◆ Work required ◆
The copy you return must match the listing word for word and carry no pictures.

◆ Data extract ◆
--- START ---

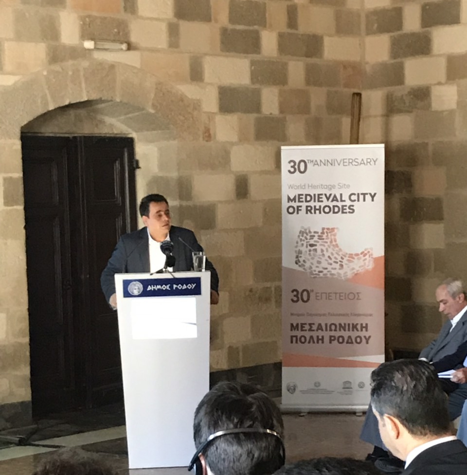 30 χρόνια μετά την ένταξη της Μεσαιωνικής Πόλης της Ρόδου, στον κατάλογο Μνημείων της UNESCO, το Σάββατο 3 Νοεμβρίου υπεγράφη στη Ρόδο, Μνημόνιο Συνεργασίας μεταξύ του Υπουργείου Πολιτισμού, του Υπουργείου Ναυτιλίας και Νησιωτικής Πολιτικής, της Περιφέρειας Νοτίου Αιγαίου και του Δήμου Ρόδου, ως προπομπός για την Σύνταξη Προγραμματικής Σύμβασης. Ο Αναπληρωτής Υπουργός Ναυτιλίας και Νησιωτικής Πολιτικής, Νεκτάριος Σαντορινιός, χαιρετίζοντας στην εκδήλωση και πριν την υπογραφή του Μνημονίου, ανέφερε: «Η ένταξη της Μεσαιωνικής Πόλης της Ρόδου στον κατάλογο των Μνημείων της UNESCO, 30 χρόνια πριν, αποτέλεσε μια σημαντική ιστορική στιγμή για το νησί. Το γεγονός ότι ήταν η πρώτη ελληνική πόλη που εντάχθηκε, τότε, κάτω από την προστασία του Διεθνούς αυτού Οργανισμού, καταδεικνύει το μέγεθος και τη σημασία του Μνημείου, όχι μόνο για την Ελληνική, όσο και για την Παγκόσμια πολιτιστική κληρονομιά. Αποτελεί μνημείο και απόδειξη της γεωπολιτικής θέσης του νησιού, ένα ζωντανό σταυροδρόμι πολιτισμών, φέροντας ανάγλυφα τα σημάδια όσων πέρασαν από εδώ: Οθωμανοί, Εβραίοι, Άραβες, Ιππότες και φυσικά Έλληνες άφησαν το στίγμα τους στη ζωή της πόλης. Η Μεσαιωνική Πόλη της Ρόδου, αναμφισβήτητα είναι μοναδική, αφού από τη μια διατηρεί, σχεδόν αναλλοίωτο, τον ιστό της, τα τείχη και τα οχυρωματικά έργα γύρω από αυτήν, και από την άλλη, είναι ενεργή από τον καιρό της ίδρυσής της, μέχρι σήμερα, στοιχείο που απαντάται σε λίγες ακόμη μεσαιωνικές Ευρωπαϊκές πόλεις. Γιορτάζοντας σήμερα το παρελθόν και το μέλλον της Μεσαιωνική Πόλης του νησιού μας, δεν μπορώ να μην αναφέρω πως ο δρόμος μέχρι την ημέρα κήρυξής της ως μνημείο παγκόσμιας κληρονομιάς- την 9η Δεκεμβρίου 1988- δεν ήταν εύκολος. Δεν έγινε τίποτα μαγικά.Για να φτάσουμε σε εκείνη την σημαδιακή μέρα, είχαν προηγηθεί προσπάθειες πολλών ανθρώπων, φωτισμένων ανθρώπων, που σήμερα κάποιοι από αυτούς είναι εδώ:ο Σάββας Καραγιάννης, που κυνηγούσε την Μελίνα Μερκούρη για να γίνει η πρώτη προγραμματική σύμβαση για την διατήρηση της Μεσαιωνικής πόλης, ο Μάνος Κόκκινος, ο Γιώργος Γιαννόπουλος- ο μόνος Έλληνας Πρόεδρος του Οργανισμού Πόλεων Παγκόσμιας Πολιτιστικής Κληρονομιάς-, ο Γιάννης Μαχαιρίδης,και πολλοί άλλοιπου έδωσαν τον εαυτό τους και από τους οποίους σήμερα εμείς παίρνουμε το νήμα. Δίπλα τους στάθηκαν σημαντικοί αρχαιολόγοι και μηχανικοί, όπως οι δυο μεγάλοι απόντες, ο Ηλίας Κόλλιας και ο Θανάσης Αναπολιτάνος οι οποίοι ανέδειξαν την παλιά πόλη των φαντασμάτων, της δεκαετίας του 80, στην λαμπερή Μεσαιωνική Πόλη που είναι σήμερα. Σε αυτό το σημείο, θα ήθελα να μου επιτρέψετε μια προσωπική αναφορά:Από το 1998 μέχρι το 2014, ανήκοντας στο δυναμικό της υπηρεσίας προγραμματισμού, συνεργάστηκα με πολλούς από εσάς εδώ- σημαντικούς αρχαιολόγους, μηχανικούς, ανθρώπους της πολιτικής, που έδειξαν διορατικότητα και λειτούργησαν προωθητικά στην υπόθεση της Μεσαιωνικής Πόλης. Είμαι ιδιαίτερα περήφανος για αυτές τις συνεργασίες, για το λιθαράκι που έβαλα και εγώ τότε, και ελπίζω και από τον σημερινό που ρόλο να προσφέρω και πάλι στην Μεσαιωνική Πόλη. Μέσα σε όλα αυτά τα χρόνια που ίσχυε η πρώτη Προγραμματική Σύμβαση, έγιναν πολλά έργα, όπως αποκαταστάσεις καταλυμάτων, αναπλάσεις κοινοχρήστων χώρων, αποκαταστάσεις μνημείων και κατοικιών, συντήρηση των τειχών και των υπογείων δικτύων, τα οποία κράτησαν πάνω από 14 χρόνια και ξοδεύτηκ
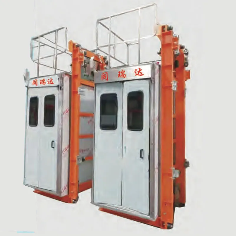 •吊笼⾼度3⽶⽅便长料运输;。吊笼顶部配置装机平台,便于电梯井内安装和拆卸;
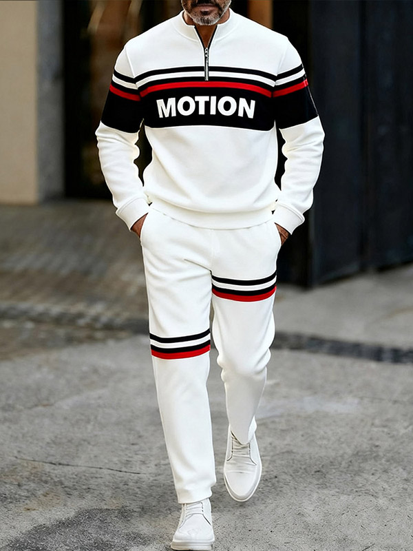 Men's Casual Color Matching Letter Printed Round-Neck Zipper Long Sleeved Trousers White Two-Piece Set

--- END ---

◆ Finished exercise ◆
 30 χρόνια μετά την ένταξη της Μεσαιωνικής Πόλης της Ρόδου, στον κατάλογο Μνημείων της UNESCO, το Σάββατο 3 Νοεμβρίου υπεγράφη στη Ρόδο, Μνημόνιο Συνεργασίας μεταξύ του Υπουργείου Πολιτισμού, του Υπουργείου Ναυτιλίας και Νησιωτικής Πολιτικής, της Περιφέρειας Νοτίου Αιγαίου και του Δήμου Ρόδου, ως προπομπός για την Σύνταξη Προγραμματικής Σύμβασης. Ο Αναπληρωτής Υπουργός Ναυτιλίας και Νησιωτικής Πολιτικής, Νεκτάριος Σαντορινιός, χαιρετίζοντας στην εκδήλωση και πριν την υπογραφή του Μνημονίου, ανέφερε: «Η ένταξη της Μεσαιωνικής Πόλης της Ρόδου στον κατάλογο των Μνημείων της UNESCO, 30 χρόνια πριν, αποτέλεσε μια σημαντική ιστορική στιγμή για το νησί. Το γεγονός ότι ήταν η πρώτη ελληνική πόλη που εντάχθηκε, τότε, κάτω από την προστασία του Διεθνούς αυτού Οργανισμού, καταδεικνύει το μέγεθος και τη σημασία του Μνημείου, όχι μόνο για την Ελληνική, όσο και για την Παγκόσμια πολιτιστική κληρονομιά. Αποτελεί μνημείο και απόδειξη της γεωπολιτικής θέσης του νησιού, ένα ζωντανό σταυροδρόμι πολιτισμών, φέροντας ανάγλυφα τα σημάδια όσων πέρασαν από εδώ: Οθωμανοί, Εβραίοι, Άραβες, Ιππότες και φυσικά Έλληνες άφησαν το στίγμα τους στη ζωή της πόλης. Η Μεσαιωνική Πόλη της Ρόδου, αναμφισβήτητα είναι μοναδική, αφού από τη μια διατηρεί, σχεδόν αναλλοίωτο, τον ιστό της, τα τείχη και τα οχυρωματικά έργα γύρω από αυτήν, και από την άλλη, είναι ενεργή από τον καιρό της ίδρυσής της, μέχρι σήμερα, στοιχείο που απαντάται σε λίγες ακόμη μεσαιωνικές Ευρωπαϊκές πόλεις. Γιορτάζοντας σήμερα το παρελθόν και το μέλλον της Μεσαιωνική Πόλης του νησιού μας, δεν μπορώ να μην αναφέρω πως ο δρόμος μέχρι την ημέρα κήρυξής της ως μνημείο παγκόσμιας κληρονομιάς- την 9η Δεκεμβρίου 1988- δεν ήταν εύκολος. Δεν έγινε τίποτα μαγικά.Για να φτάσουμε σε εκείνη την σημαδιακή μέρα, είχαν προηγηθεί προσπάθειες πολλών ανθρώπων, φωτισμένων ανθρώπων, που σήμερα κάποιοι από αυτούς είναι εδώ:ο Σάββας Καραγιάννης, που κυνηγούσε την Μελίνα Μερκούρη για να γίνει η πρώτη προγραμματική σύμβαση για την διατήρηση της Μεσαιωνικής πόλης, ο Μάνος Κόκκινος, ο Γιώργος Γιαννόπουλος- ο μόνος Έλληνας Πρόεδρος του Οργανισμού Πόλεων Παγκόσμιας Πολιτιστικής Κληρονομιάς-, ο Γιάννης Μαχαιρίδης,και πολλοί άλλοιπου έδωσαν τον εαυτό τους και από τους οποίους σήμερα εμείς παίρνουμε το νήμα. Δίπλα τους στάθηκαν σημαντικοί αρχαιολόγοι και μηχανικοί, όπως οι δυο μεγάλοι απόντες, ο Ηλίας Κόλλιας και ο Θανάσης Αναπολιτάνος οι οποίοι ανέδειξαν την παλιά πόλη των φαντασμάτων, της δεκαετίας του 80, στην λαμπερή Μεσαιωνική Πόλη που είναι σήμερα. Σε αυτό το σημείο, θα ήθελα να μου επιτρέψετε μια προσωπική αναφορά:Από το 1998 μέχρι το 2014, ανήκοντας στο δυναμικό της υπηρεσίας προγραμματισμού, συνεργάστηκα με πολλούς από εσάς εδώ- σημαντικούς αρχαιολόγους, μηχανικούς, ανθρώπους της πολιτικής, που έδειξαν διορατικότητα και λειτούργησαν προωθητικά στην υπόθεση της Μεσαιωνικής Πόλης. Είμαι ιδιαίτερα περήφανος για αυτές τις συνεργασίες, για το λιθαράκι που έβαλα και εγώ τότε, και ελπίζω και από τον σημερινό που ρόλο να προσφέρω και πάλι στην Μεσαιωνική Πόλη. Μέσα σε όλα αυτά τα χρόνια που ίσχυε η πρώτη Προγραμματική Σύμβαση, έγιναν πολλά έργα, όπως αποκαταστάσεις καταλυμάτων, αναπλάσεις κοινοχρήστων χώρων, αποκαταστάσεις μνημείων και κατοικιών, συντήρηση των τειχών και των υπογείων δικτύων, τα οποία κράτησαν πάνω από 14 χρόνια και ξοδεύτηκ
 •吊笼⾼度3⽶⽅便长料运输;。吊笼顶部配置装机平台,便于电梯井内安装和拆卸;
 Men's Casual Color Matching Letter Printed Round-Neck Zipper Long Sleeved Trousers White Two-Piece Set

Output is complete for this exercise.